* _Provided records_
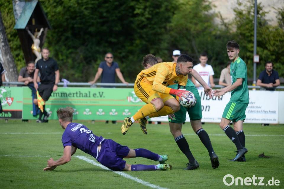 Der musste zunächst zusehen, wie Sommerer eine weitere Eins-gegen-Eins-Situation gegen Tranziska hervorragend meisterte (53.). Im direkten Gegenzug verpasste Kai Neuerer um Haaresbreite den Ausgleich, der im Verlauf nun mehrmals im Bereich des Möglichen lag. So wie in der 65. Minute, als Lukas Dotzler mit einem Gewaltschuss Gästeschlussmann Jan Griebel auf die Probe stellte. Kurze Zeit später war es Andre Karzmarczyk, dessen Freistoß knapp über den Querbalken strich. Die Hutzler- Elf war Mitte der zweiten Halbzeit richtig gut im Spiel, es roch zumindest mehrmals nach dem Ausgleich. Der schien in der 77. Minnte auch fällig, doch Manuel Geiger wurde im letzten Moment mit einem langen Bein am Einschuss gehindert.
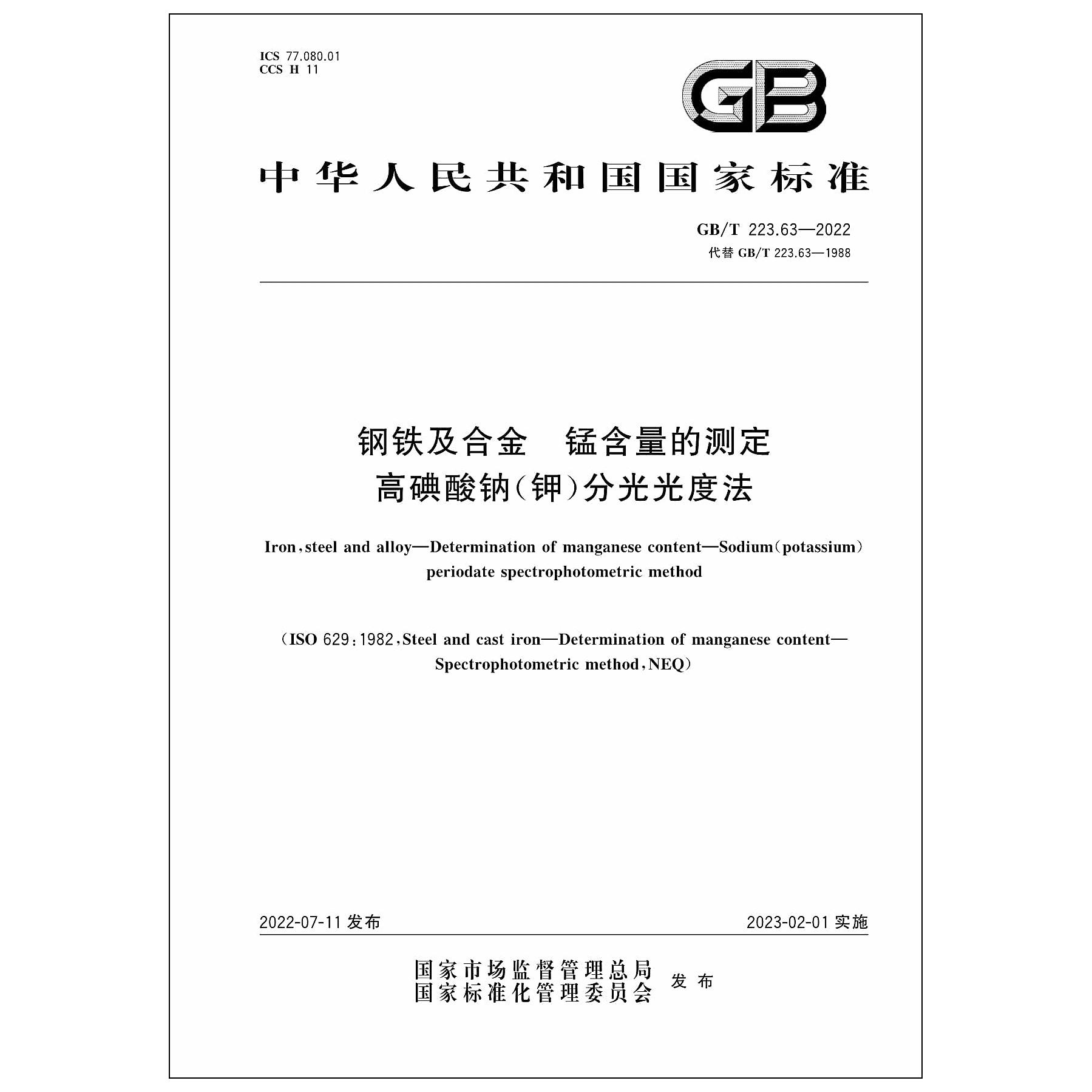 现货 T223.63 2022钢铁及合金化学分析方法高碘酸钠 223 223.63 2022正版
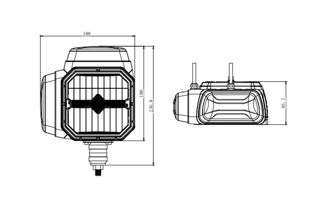 Reflektor je vybaven odolným hliníkovým tělem a skleněným krytem, které chrání vnitřní komponenty před nárazy, prachem i vlhkostí. Vysoká třída krytí IP67 a homologace R10, R148 a R149.
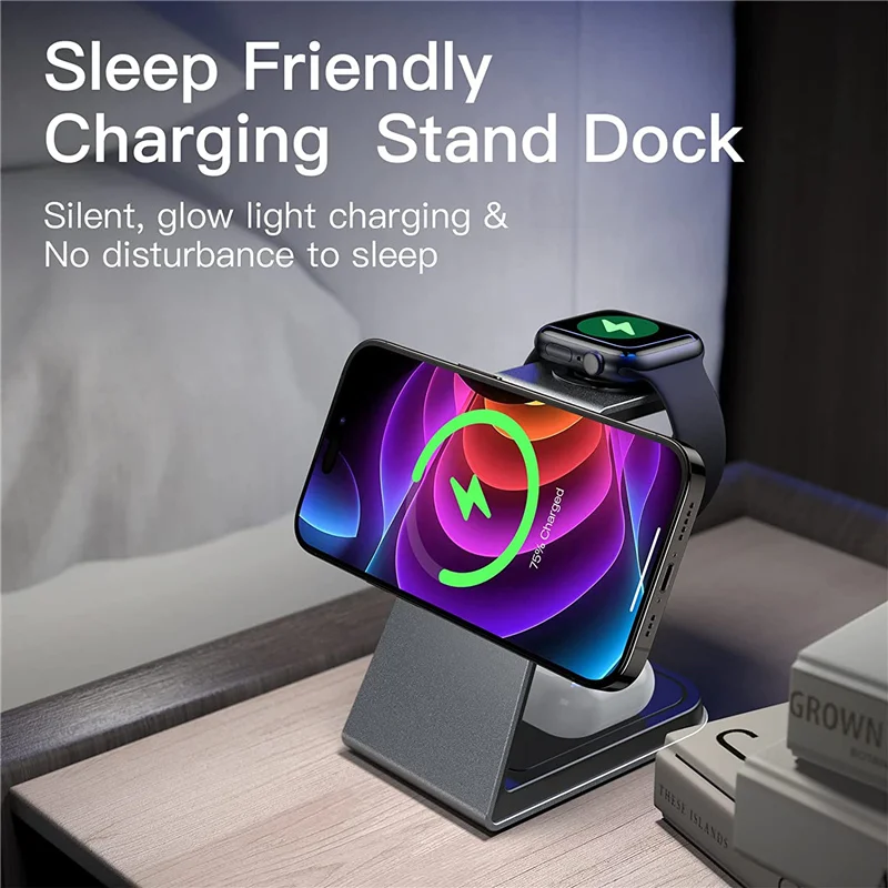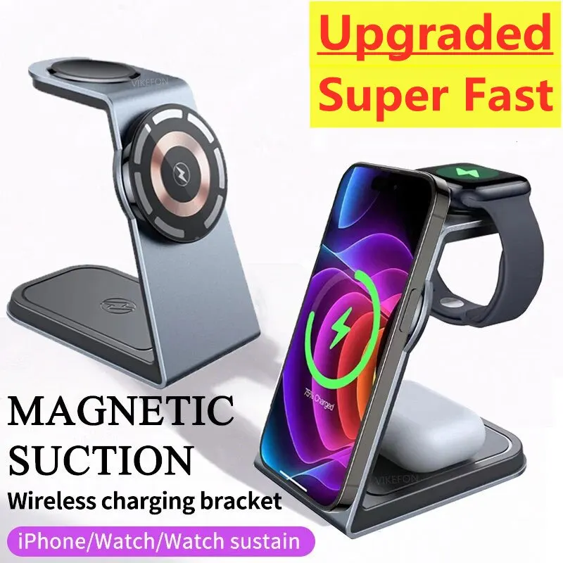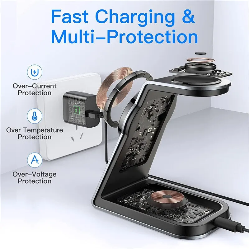 Comprar Soporte de cargador inalámbrico magnético 3 en 1, transparente, para iPhone 12, 13, 14 Pro Max, Apple Watch, Airpods, estación de carga rápida
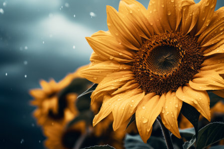 A close up of a sunflower with water droplets on it. AI generative image.
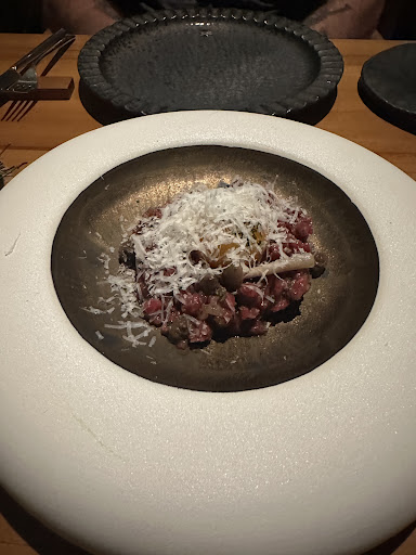 I had the wood fired scallops and the bone marrow and tartare. Both were fantastic. I thought the bone marrow would be mixed into the tartare (thatâs how I read it), but it came out as beef tartare with a side of bone marrow. Unexpected but a happy surprise. Scallops had a nice almond paste of sorts with a pineapple sauce that was delicious.

* _Exercise brief_
The material above is to be output exactly, with each picture left out.

* _Solution below_
 Der musste zunächst zusehen, wie Sommerer eine weitere Eins-gegen-Eins-Situation gegen Tranziska hervorragend meisterte (53.). Im direkten Gegenzug verpasste Kai Neuerer um Haaresbreite den Ausgleich, der im Verlauf nun mehrmals im Bereich des Möglichen lag. So wie in der 65. Minute, als Lukas Dotzler mit einem Gewaltschuss Gästeschlussmann Jan Griebel auf die Probe stellte. Kurze Zeit später war es Andre Karzmarczyk, dessen Freistoß knapp über den Querbalken strich. Die Hutzler- Elf war Mitte der zweiten Halbzeit richtig gut im Spiel, es roch zumindest mehrmals nach dem Ausgleich. Der schien in der 77. Minnte auch fällig, doch Manuel Geiger wurde im letzten Moment mit einem langen Bein am Einschuss gehindert.
 现货 T223.63 2022钢铁及合金化学分析方法高碘酸钠 223 223.63 2022正版
 Reflektor je vybaven odolným hliníkovým tělem a skleněným krytem, které chrání vnitřní komponenty před nárazy, prachem i vlhkostí. Vysoká třída krytí IP67 a homologace R10, R148 a R149.
 Comprar Soporte de cargador inalámbrico magnético 3 en 1, transparente, para iPhone 12, 13, 14 Pro Max, Apple Watch, Airpods, estación de carga rápida
 A close up of a sunflower with water droplets on it. AI generative image.
 I had the wood fired scallops and the bone marrow and tartare. Both were fantastic. I thought the bone marrow would be mixed into the tartare (thatâs how I read it), but it came out as beef tartare with a side of bone marrow. Unexpected but a happy surprise. Scallops had a nice almond paste of sorts with a pineapple sauce that was delicious.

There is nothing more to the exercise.